##### EXERCISE DATA #####

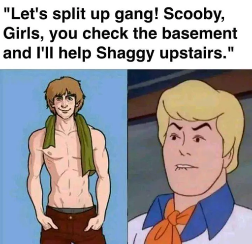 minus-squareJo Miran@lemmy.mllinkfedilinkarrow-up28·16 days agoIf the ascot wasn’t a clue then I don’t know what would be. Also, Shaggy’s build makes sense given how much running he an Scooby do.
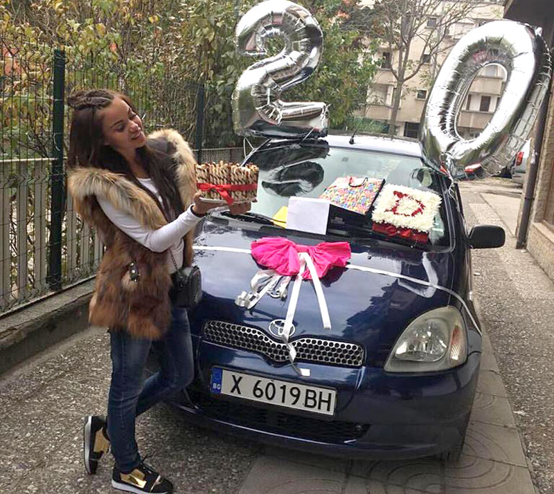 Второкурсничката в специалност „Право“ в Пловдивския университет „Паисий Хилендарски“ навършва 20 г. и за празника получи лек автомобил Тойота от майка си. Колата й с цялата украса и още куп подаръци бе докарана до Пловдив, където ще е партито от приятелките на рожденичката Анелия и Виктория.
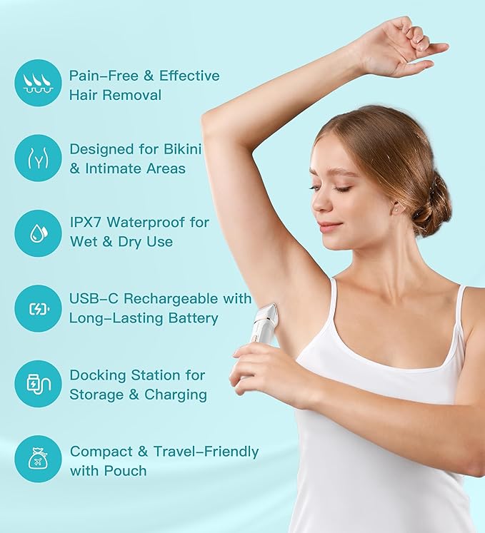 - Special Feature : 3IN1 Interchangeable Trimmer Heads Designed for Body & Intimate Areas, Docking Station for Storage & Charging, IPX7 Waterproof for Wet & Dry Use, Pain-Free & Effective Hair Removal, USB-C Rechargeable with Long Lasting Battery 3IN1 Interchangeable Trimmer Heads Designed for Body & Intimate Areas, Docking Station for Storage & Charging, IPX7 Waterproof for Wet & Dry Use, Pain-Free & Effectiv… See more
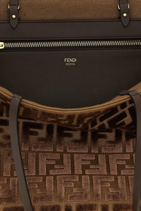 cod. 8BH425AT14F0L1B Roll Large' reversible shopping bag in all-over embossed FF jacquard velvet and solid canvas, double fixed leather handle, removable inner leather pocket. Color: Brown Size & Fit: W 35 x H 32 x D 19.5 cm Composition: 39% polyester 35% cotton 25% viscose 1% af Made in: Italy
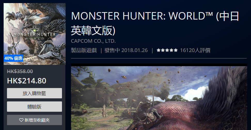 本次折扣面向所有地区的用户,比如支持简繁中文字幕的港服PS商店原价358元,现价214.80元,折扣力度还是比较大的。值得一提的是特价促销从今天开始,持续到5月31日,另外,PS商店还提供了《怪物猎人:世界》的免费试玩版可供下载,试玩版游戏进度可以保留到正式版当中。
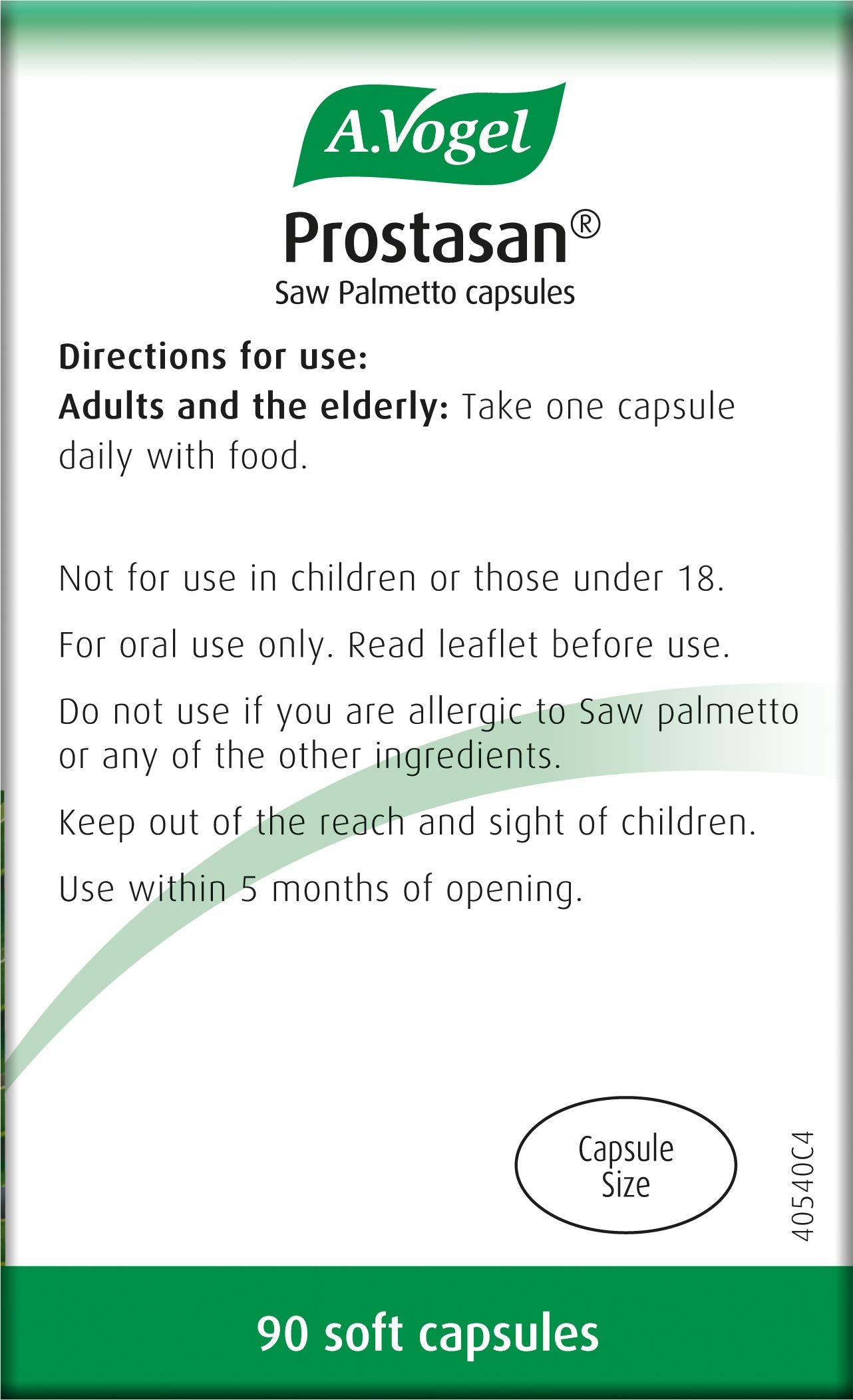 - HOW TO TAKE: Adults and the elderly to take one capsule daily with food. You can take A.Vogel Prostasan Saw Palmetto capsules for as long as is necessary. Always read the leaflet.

#####

TASK | Take the data above and set it down exactly, images excluded.

ANSWER TO THIS TASK |
 minus-squareJo Miran@lemmy.mllinkfedilinkarrow-up28·16 days agoIf the ascot wasn’t a clue then I don’t know what would be. Also, Shaggy’s build makes sense given how much running he an Scooby do.
 Второкурсничката в специалност „Право“ в Пловдивския университет „Паисий Хилендарски“ навършва 20 г. и за празника получи лек автомобил Тойота от майка си. Колата й с цялата украса и още куп подаръци бе докарана до Пловдив, където ще е партито от приятелките на рожденичката Анелия и Виктория.
 - Special Feature : 3IN1 Interchangeable Trimmer Heads Designed for Body & Intimate Areas, Docking Station for Storage & Charging, IPX7 Waterproof for Wet & Dry Use, Pain-Free & Effective Hair Removal, USB-C Rechargeable with Long Lasting Battery 3IN1 Interchangeable Trimmer Heads Designed for Body & Intimate Areas, Docking Station for Storage & Charging, IPX7 Waterproof for Wet & Dry Use, Pain-Free & Effectiv… See more
 cod. 8BH425AT14F0L1B Roll Large' reversible shopping bag in all-over embossed FF jacquard velvet and solid canvas, double fixed leather handle, removable inner leather pocket. Color: Brown Size & Fit: W 35 x H 32 x D 19.5 cm Composition: 39% polyester 35% cotton 25% viscose 1% af Made in: Italy
 本次折扣面向所有地区的用户,比如支持简繁中文字幕的港服PS商店原价358元,现价214.80元,折扣力度还是比较大的。值得一提的是特价促销从今天开始,持续到5月31日,另外,PS商店还提供了《怪物猎人:世界》的免费试玩版可供下载,试玩版游戏进度可以保留到正式版当中。
 - HOW TO TAKE: Adults and the elderly to take one capsule daily with food. You can take A.Vogel Prostasan Saw Palmetto capsules for as long as is necessary. Always read the leaflet.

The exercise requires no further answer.